Don’t ignore the middleboxes
Traditional networks contain routers, switches, clients and servers. Most introductory networking textbooks focus on these devices and the protocols that they use. However, real networks can be much more complex than the typical academic networks that are considered in textbooks. During the last decade, enterprise networks have included more and more middleboxes. A middlebox can be roughly defined as a device that resides inside the network and it able to both forward (like a router or a switch) but also modify packets. For this reason, middleboxes are often considered as layer-7 relays but they are not officially part of the Internet architecture. These middleboxes are usually deployed by network operators to better control or improve the performance of traffic in their network. There exist various types of middleboxes RFC 3234. The most common ones are :
- Network Address Translators (NAT) that rewrite IP addresses and port numbers
- Firewalls that control the incoming and outgoing packets
- Network Intrusion Detection System that analyse the packet payloads to detect possible attacks
- Load balancers that allow to distribute the load among several servers
- WAN optimizers that compress packets before transmitting them over expensive low bandwidth links
- Media gateways that are able to transcode voice and video formats
- transparent proxy caches that speedup access to remote web servers by maintaining caches
- …
The list of middleboxes keeps growing and managing them in addition to the routers and the switches is becoming a concern for enterprise network operators. In a recent paper presented at USENIX NSDI12, Vyas Sekar and colleagues describe a survey that they performed in an anonymous entreprise network. This network contained about 900 routers and more than 600 middleboxes !

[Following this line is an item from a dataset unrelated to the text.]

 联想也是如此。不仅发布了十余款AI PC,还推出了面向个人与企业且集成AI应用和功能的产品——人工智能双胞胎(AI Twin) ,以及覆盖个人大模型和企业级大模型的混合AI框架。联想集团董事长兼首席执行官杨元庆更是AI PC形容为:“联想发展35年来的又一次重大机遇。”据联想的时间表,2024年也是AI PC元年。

| Appliance type | Number |
|---|---|
| Firewall | 166 |
| Network Intrusion Detection System | 127 |
| Conferencing/Media gateway | 110 |
| Load balancers | 67 |
| Proxy caches | 66 |
| VPN devices | 45 |
| WAN optimizers | 44 |
| Voice gateways | 11 |
| Routers | about 900 |
Internet Topology Zoo
A recent article published on slate provided nice artistic views about the layout of the optical fibers that are used for Internet.

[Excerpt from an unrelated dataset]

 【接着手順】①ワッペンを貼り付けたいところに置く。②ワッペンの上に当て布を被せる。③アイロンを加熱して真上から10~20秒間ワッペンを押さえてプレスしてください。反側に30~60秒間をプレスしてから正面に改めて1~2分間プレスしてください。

Researchers have spent a lot of time to collect data about ISP networks during the slate decade. If you are looking for nice maps about real networks, I encourage you to have a look at the Internet topology zoo. This website, maintained by researchers from the University of Adelaide contains maps of a few hundred networks, an excellent starting point if you would like to understand a bit more on ISP networks are designed.
If you are more interested by the layout of cables, notably submarine cables, you can also check the geographical maps provided by telegeography.
Controlling Queueing delays
Routers use a buffer to store the packets that have arrived but have not yet been retransmitted on their output linke. These buffers play an important role in combination with TCP’s congestion control scheme TCP uses packet losses to detect congestion. To manage their buffers, routers rely on a buffer acceptance algorithm. The simplest buffer acceptance algorithm is to discard packets as soon as the buffer is full. This algorithm can be easily implemented, but simulations and measurements have shown that is does not always provide good performance with TCP.
In the 1990s, various buffer acceptance algorithms have been proposed to overcome this problem. Random Early Detection (RED) probabilistically drops packets when the average buffer occupancy becomes too high. RED has been implemented on routers and has been strongly recommended by the IETF in RFC 2309. However, as of this writing, RED is still not widely deployed. One of the reasons is that RED uses many parameters and is difficult to configure and tune correctly (see the references listed on http://www.icir.org/floyd/red.html).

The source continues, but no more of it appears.